ORLANDO—David Pace is a journeyed real estate broker. He served seven years as director of Real Estate Development for Disney. He was responsibile for the real estate aspects of $5-plus billion worth of projects, including Celebration and Little Lake Bryan in Orlando, Val D'Europe outside Paris, and the Latin America corporate headquarters consolidation of 13 countries.

Later, Pace was managing director for Pritzker Realty Group's redevelopment of the 1,100-acre former Orlando Naval Training Center property. He assembled and led the team that created over $2 billion in value in Baldwin Park.  

GlobeSt.com caught up with Pace to talk about his decision to join CBRE as an executive vice president. Pace also shares his views on a global mixed-use comeback and his strategy for tapping into it.

GlobeSt.com: Why did you decide to join CBRE?

Pace: My background is in large-scale complex development. I’ve also been a broker for 20-plus years. I have been very successful doing consulting work in the mixed-use space. As the market begins to recover, there are a lot of folks around the world that want to create and emulate large mixed-use projects that had been occurring around the United States but stalled over the past few years.

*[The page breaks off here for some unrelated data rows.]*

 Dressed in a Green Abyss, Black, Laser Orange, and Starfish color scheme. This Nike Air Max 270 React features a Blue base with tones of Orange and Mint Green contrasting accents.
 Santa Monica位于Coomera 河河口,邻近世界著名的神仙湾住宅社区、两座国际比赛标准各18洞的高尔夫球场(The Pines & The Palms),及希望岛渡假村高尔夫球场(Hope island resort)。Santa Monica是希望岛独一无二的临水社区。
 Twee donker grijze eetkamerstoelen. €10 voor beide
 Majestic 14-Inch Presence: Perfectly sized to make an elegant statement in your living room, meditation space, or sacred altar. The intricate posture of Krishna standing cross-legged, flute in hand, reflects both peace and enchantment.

GlobeSt.com: Large mixed-use projects do seem to be the wave of the future. We’re seeing several launch here in Miami. So you expect that to be the way forward?

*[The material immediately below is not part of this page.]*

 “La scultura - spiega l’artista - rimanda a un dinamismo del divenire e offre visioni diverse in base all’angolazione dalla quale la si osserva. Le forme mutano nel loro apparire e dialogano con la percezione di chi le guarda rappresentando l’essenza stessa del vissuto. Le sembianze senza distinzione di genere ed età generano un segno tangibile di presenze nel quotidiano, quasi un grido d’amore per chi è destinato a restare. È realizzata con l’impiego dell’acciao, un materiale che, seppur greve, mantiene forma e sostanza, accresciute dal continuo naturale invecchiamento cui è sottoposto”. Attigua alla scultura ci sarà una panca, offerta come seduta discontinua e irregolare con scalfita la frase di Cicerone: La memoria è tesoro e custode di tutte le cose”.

Pace: I certainly do. It’s a massive worldwide macro economic trend. We can’t afford the infrastructure to develop in the sprawling random way that we have in the past. It’s been a luxury, particularly in the United States, to do sprawling developments. When you go outside of the United States and look at the development patterns, you see mixed uses by necessity all over the world. You don’t find sprawl, except from industrial.

GlobeSt.com: What challenges do you see ahead as we move toward this recovery and the resurgence of massive mixed-use projects?

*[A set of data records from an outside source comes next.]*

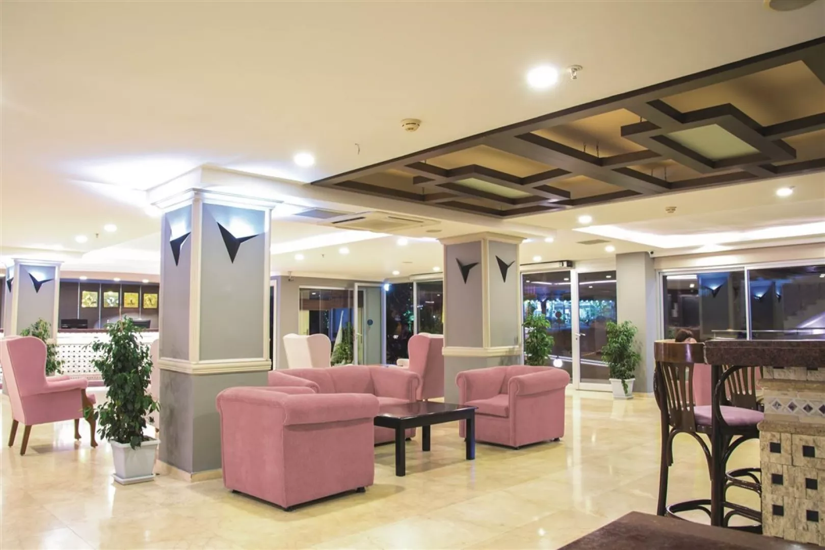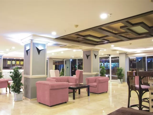 vstupná hala s recepciou a posedením • hlavná hotelová reštaurácia • 2 bary • vonkajší bazén so šmykľavkou • detský bazén • vnútorný bazén • SPA a wellness centrum • turecké kúpele, sauna a masáže • fitness centrum • biliard • šípky • stolný tenis • plážový volejbal • aerobik • hotelový lekár • kaderníctvo • disco • detské ihrisko • ponuka rôznych vodných športov na pláži • medzinárodné hotelové animácie • wifi v lobby (zdarma)
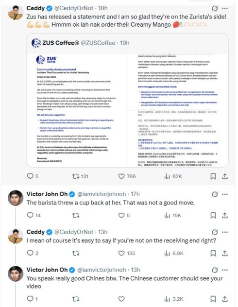 Social media addicts will by now be aware of a clip going viral of a ZUS Coffee staff having a heated exchange with a customer who sounds like a Chinese Mainlander.
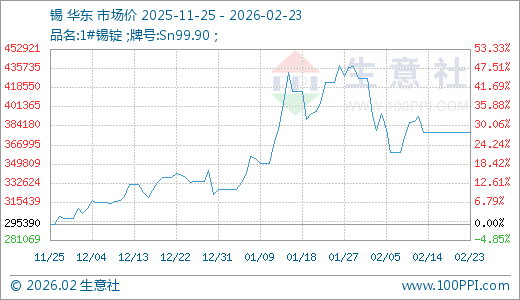 据买卖社监测,锡02月23日最新价钱378420.00元/吨,最近60天高潮13.74%。
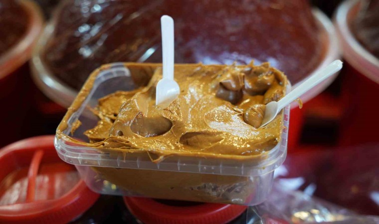 Gaziantep’te kış aylarının vazgeçilmezi olan ve soğuk havada vücudu sıcak tutmasıyla bilinen katı üzüm pekmezi vatandaşlar tarafından yoğun ilgi görüyor.
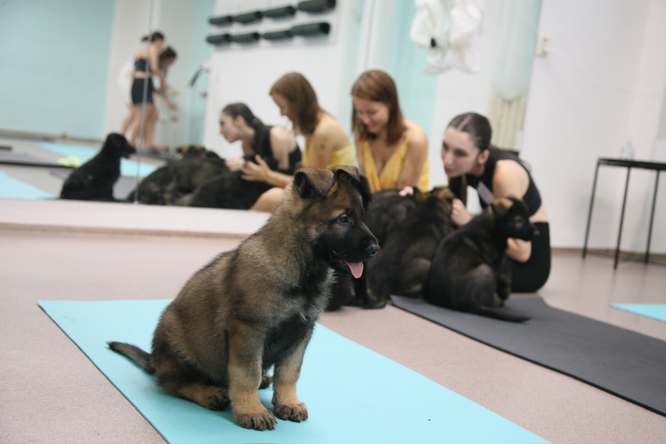Když vejdete do místnosti, v níž se cvičí, jsou tam již připravené podložky do půlkruhu, uprostřed má jógamatku lektorka, a v prostorách pobíhají rozkošná štěňátka. Ta jsou stará obvykle 7-13 týdnů a vždy se jedná o jedno plemeno – o takové, jehož lekci si vyberete. Já zvolila tu s německými ovčáky, takže na místě bylo zhruba deset chundelatých Rexů. Po příchodu máte několik minut, kdy se s pejsky můžete mazlit a celkově tak trochu seznámit. Pak jde každý na svou jógamatku a začíná lekce.
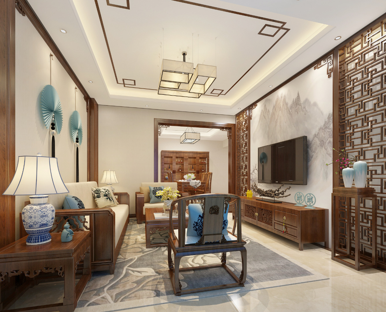 小区: 中海·开元壹号 面积:90㎡ 户型:三居 风格:新中式风格
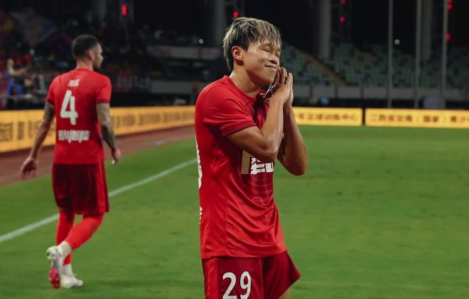 持续施压下梅州客家终于打破僵局。第44分钟,茹子楠右路接陈序煌横传后稍作调整,距球门25米处起脚远射,皮球击中金洋洋腿部发生折射,划出诡异弧线坠入网窝,梅州客家1比0领先青岛海牛!这记世界波既是茹子楠赛季首球,也打破了梅州客家连续18场无法零封的尴尬纪录。
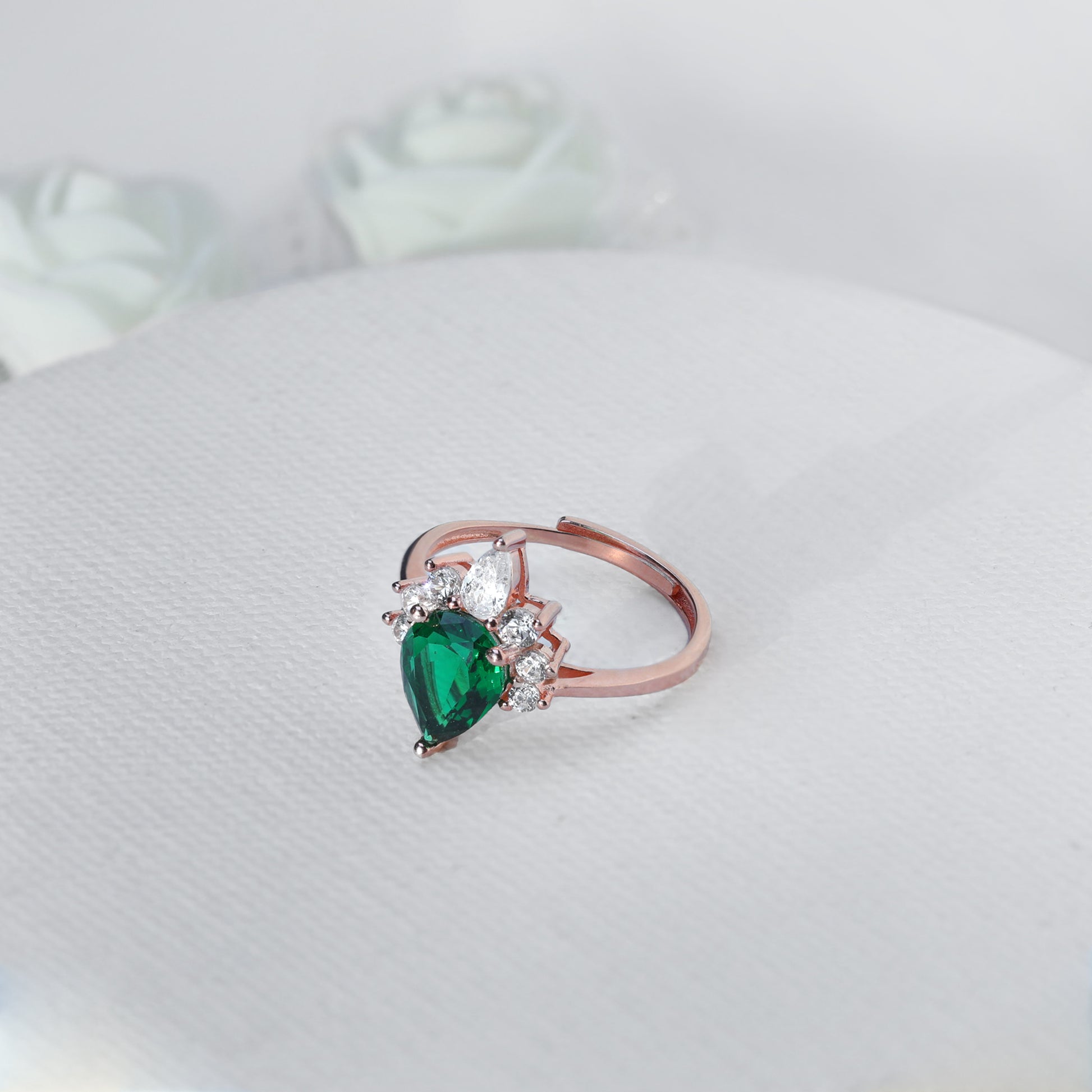 Rose Gold Emerald Green Drop Ring

Pace: As we headed into the peak, large complex mixed-use developments started to get more traction. There’s been a real push to do more of these projects from groups like the New Urbanists. But there’s been resistance from the underwriters. It was very difficult to get financing and capital.

GlobeSt.com: Why is that?

Pace: People historically didn’t understand mixed-use. You had a silo of people who understood multifamily or a silo of people who understood office or other forms of for-sale residential or even industrial or retail real estate. But within that house you didn’t typically have people that understood all of it. So underwriting was difficult.

How do I value a retail center with five-story condominiums and a hotel on top of it? As we got later into the peak in the 2006 to 2008 time frame, more people starting moving toward the massive mixed-use market and the underwriters started to get it. Now, there’s been a little bit of a fall back to the comfort zone of the more traditional silo of commercial real estate segments.

GlobeSt.com: So how do we overcome that challenge? What’s it going to take?

Pace: We need to see more of a recovery. As the capital markets recover and debt comes back, I think there will be a little bit of a challenge getting people to jump in to the most complex segment, which is the mixed-use segment. I think the sectors that will come back first are apartments, and then the classic office, industrial, and retail portfolios. I think mixed-use will have a little bit more to climb out of. But I am already seeing people wanting to get back and have a significant position.

GlobeSt.com: What’s your strategy going forward with CBRE?

Pace: I don’t know if it’s a strategy or a tactic. I have a great group of friends around the world and a surprising source that you don’t often see—a lot of planners and architects that have been deeply entrenched in the best projects out there. Unfortunately, for many of these firms, their clients fell into a state of despair. The original developers of these mixed-use projects typically ran of money. I am reaching out to this group of people to identify the best projects in the best markets and work up the chain to the people who are either in the decision making position or close to it. Then we’ll start having conversations about the value we can add.